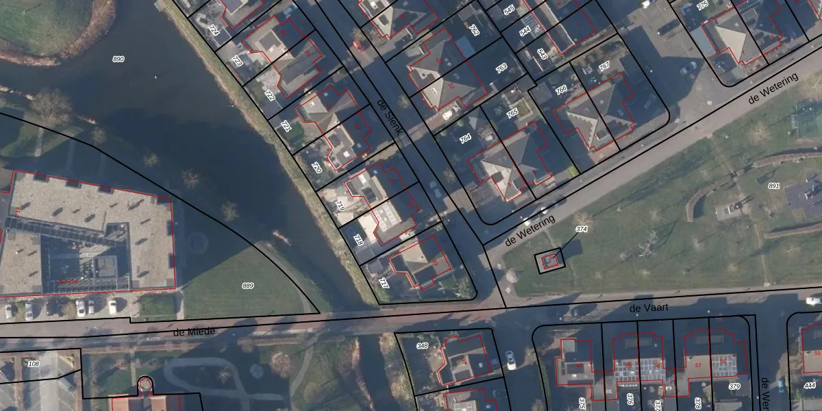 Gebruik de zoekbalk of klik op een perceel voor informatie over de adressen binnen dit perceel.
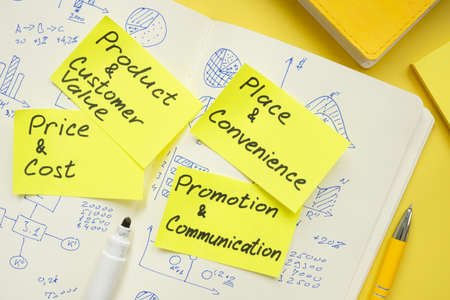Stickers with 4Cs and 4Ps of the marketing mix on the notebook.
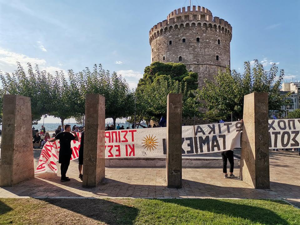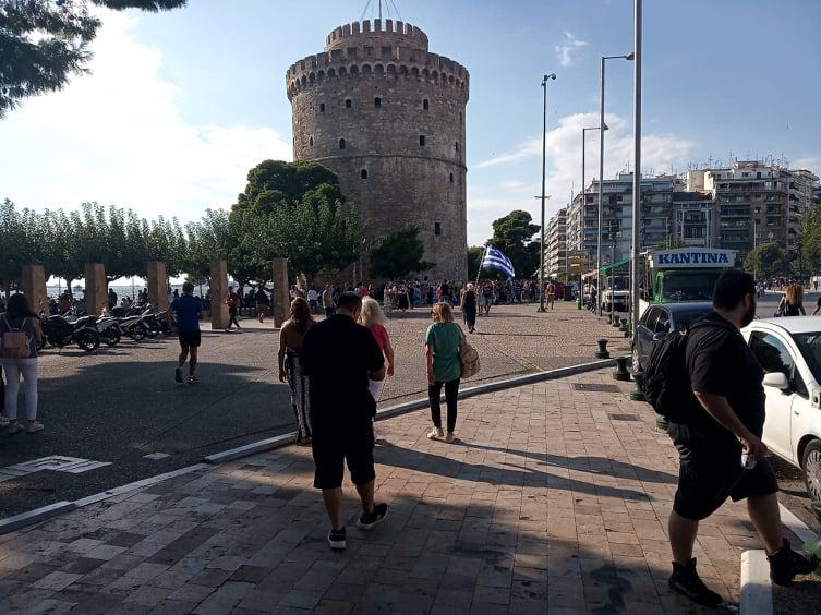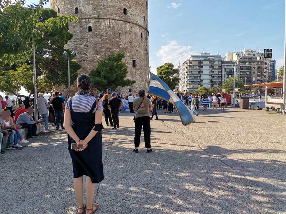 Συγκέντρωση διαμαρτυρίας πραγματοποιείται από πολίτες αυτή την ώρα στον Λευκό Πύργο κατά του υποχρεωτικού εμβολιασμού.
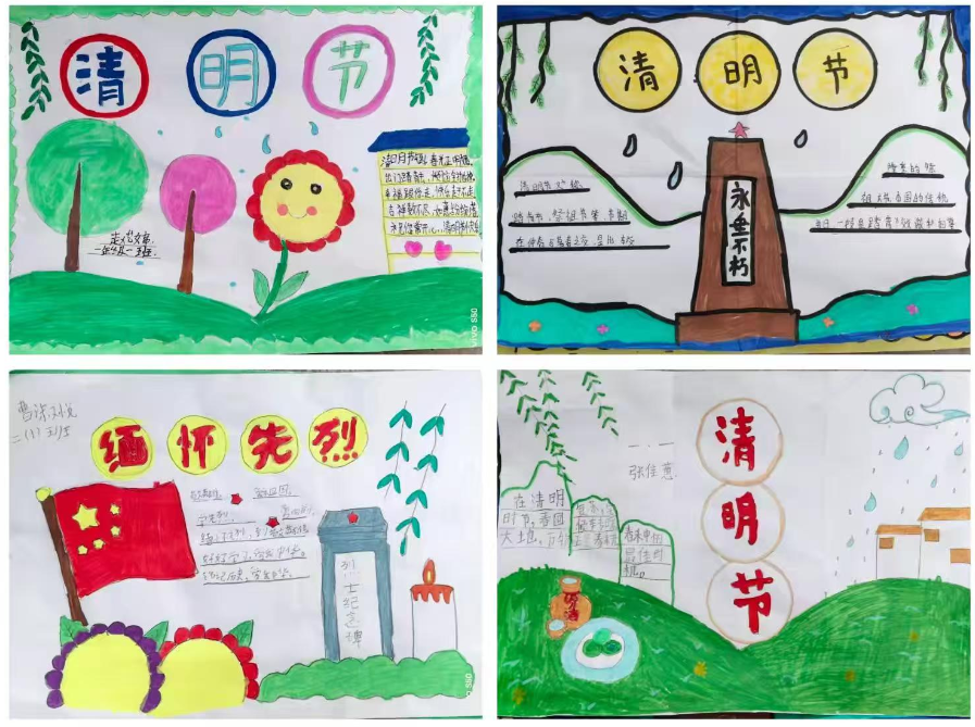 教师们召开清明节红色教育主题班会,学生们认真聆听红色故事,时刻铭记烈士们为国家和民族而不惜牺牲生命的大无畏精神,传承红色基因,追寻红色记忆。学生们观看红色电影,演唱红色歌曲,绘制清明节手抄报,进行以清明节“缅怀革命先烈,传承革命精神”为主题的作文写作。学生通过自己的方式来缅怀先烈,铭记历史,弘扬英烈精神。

---

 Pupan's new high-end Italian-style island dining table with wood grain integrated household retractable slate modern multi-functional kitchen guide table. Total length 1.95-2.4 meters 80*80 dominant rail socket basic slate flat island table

==

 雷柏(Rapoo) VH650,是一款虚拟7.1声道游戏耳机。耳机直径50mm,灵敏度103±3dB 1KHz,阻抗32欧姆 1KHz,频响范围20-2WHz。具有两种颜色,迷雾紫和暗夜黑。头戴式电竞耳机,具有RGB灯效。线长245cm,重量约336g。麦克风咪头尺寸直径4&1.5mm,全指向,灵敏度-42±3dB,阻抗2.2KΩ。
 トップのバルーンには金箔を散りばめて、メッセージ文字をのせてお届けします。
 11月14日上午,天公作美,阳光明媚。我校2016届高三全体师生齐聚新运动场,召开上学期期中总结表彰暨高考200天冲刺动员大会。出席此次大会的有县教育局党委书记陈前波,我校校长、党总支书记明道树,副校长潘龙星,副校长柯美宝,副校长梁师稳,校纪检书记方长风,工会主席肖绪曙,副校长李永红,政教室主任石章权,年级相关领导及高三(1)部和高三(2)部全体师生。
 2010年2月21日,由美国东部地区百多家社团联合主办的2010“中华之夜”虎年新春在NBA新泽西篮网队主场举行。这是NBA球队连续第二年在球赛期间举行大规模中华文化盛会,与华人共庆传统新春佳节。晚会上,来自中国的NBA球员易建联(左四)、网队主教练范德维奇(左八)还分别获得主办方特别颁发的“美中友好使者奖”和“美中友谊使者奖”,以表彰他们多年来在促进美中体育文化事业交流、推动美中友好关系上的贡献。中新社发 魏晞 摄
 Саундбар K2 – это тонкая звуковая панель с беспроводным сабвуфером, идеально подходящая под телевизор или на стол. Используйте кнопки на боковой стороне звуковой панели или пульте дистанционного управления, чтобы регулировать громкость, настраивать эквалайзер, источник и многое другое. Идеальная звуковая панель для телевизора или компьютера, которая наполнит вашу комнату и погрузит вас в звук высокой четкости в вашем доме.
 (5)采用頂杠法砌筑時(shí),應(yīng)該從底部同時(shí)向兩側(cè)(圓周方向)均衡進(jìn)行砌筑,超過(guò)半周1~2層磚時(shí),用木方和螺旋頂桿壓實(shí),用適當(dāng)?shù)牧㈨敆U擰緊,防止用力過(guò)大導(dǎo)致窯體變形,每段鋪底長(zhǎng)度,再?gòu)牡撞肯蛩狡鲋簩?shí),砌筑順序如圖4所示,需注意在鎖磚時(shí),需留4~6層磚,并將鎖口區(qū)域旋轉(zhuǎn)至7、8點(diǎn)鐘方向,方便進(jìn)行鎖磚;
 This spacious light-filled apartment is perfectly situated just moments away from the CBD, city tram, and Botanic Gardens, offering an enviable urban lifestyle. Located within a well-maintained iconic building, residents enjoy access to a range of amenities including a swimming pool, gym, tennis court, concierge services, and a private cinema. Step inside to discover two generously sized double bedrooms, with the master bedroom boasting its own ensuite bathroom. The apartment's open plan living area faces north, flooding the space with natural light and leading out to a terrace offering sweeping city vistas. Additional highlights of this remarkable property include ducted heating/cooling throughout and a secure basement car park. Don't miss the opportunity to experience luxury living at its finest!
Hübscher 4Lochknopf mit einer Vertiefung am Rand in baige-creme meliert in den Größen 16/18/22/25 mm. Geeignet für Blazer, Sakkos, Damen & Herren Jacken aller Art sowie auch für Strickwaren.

* **Problem details**: Your reply is to repeat, unchanged, the lines above running from the one with "11月14日上午,天公作美,阳光明媚。我" up to and including the one with "(5)采用頂杠法砌筑時(sh".

* **Task response**:
 11月14日上午,天公作美,阳光明媚。我校2016届高三全体师生齐聚新运动场,召开上学期期中总结表彰暨高考200天冲刺动员大会。出席此次大会的有县教育局党委书记陈前波,我校校长、党总支书记明道树,副校长潘龙星,副校长柯美宝,副校长梁师稳,校纪检书记方长风,工会主席肖绪曙,副校长李永红,政教室主任石章权,年级相关领导及高三(1)部和高三(2)部全体师生。
 2010年2月21日,由美国东部地区百多家社团联合主办的2010“中华之夜”虎年新春在NBA新泽西篮网队主场举行。这是NBA球队连续第二年在球赛期间举行大规模中华文化盛会,与华人共庆传统新春佳节。晚会上,来自中国的NBA球员易建联(左四)、网队主教练范德维奇(左八)还分别获得主办方特别颁发的“美中友好使者奖”和“美中友谊使者奖”,以表彰他们多年来在促进美中体育文化事业交流、推动美中友好关系上的贡献。中新社发 魏晞 摄
 Саундбар K2 – это тонкая звуковая панель с беспроводным сабвуфером, идеально подходящая под телевизор или на стол. Используйте кнопки на боковой стороне звуковой панели или пульте дистанционного управления, чтобы регулировать громкость, настраивать эквалайзер, источник и многое другое. Идеальная звуковая панель для телевизора или компьютера, которая наполнит вашу комнату и погрузит вас в звук высокой четкости в вашем доме.
 (5)采用頂杠法砌筑時(shí),應(yīng)該從底部同時(shí)向兩側(cè)(圓周方向)均衡進(jìn)行砌筑,超過(guò)半周1~2層磚時(shí),用木方和螺旋頂桿壓實(shí),用適當(dāng)?shù)牧㈨敆U擰緊,防止用力過(guò)大導(dǎo)致窯體變形,每段鋪底長(zhǎng)度,再?gòu)牡撞肯蛩狡鲋簩?shí),砌筑順序如圖4所示,需注意在鎖磚時(shí),需留4~6層磚,并將鎖口區(qū)域旋轉(zhuǎn)至7、8點(diǎn)鐘方向,方便進(jìn)行鎖磚;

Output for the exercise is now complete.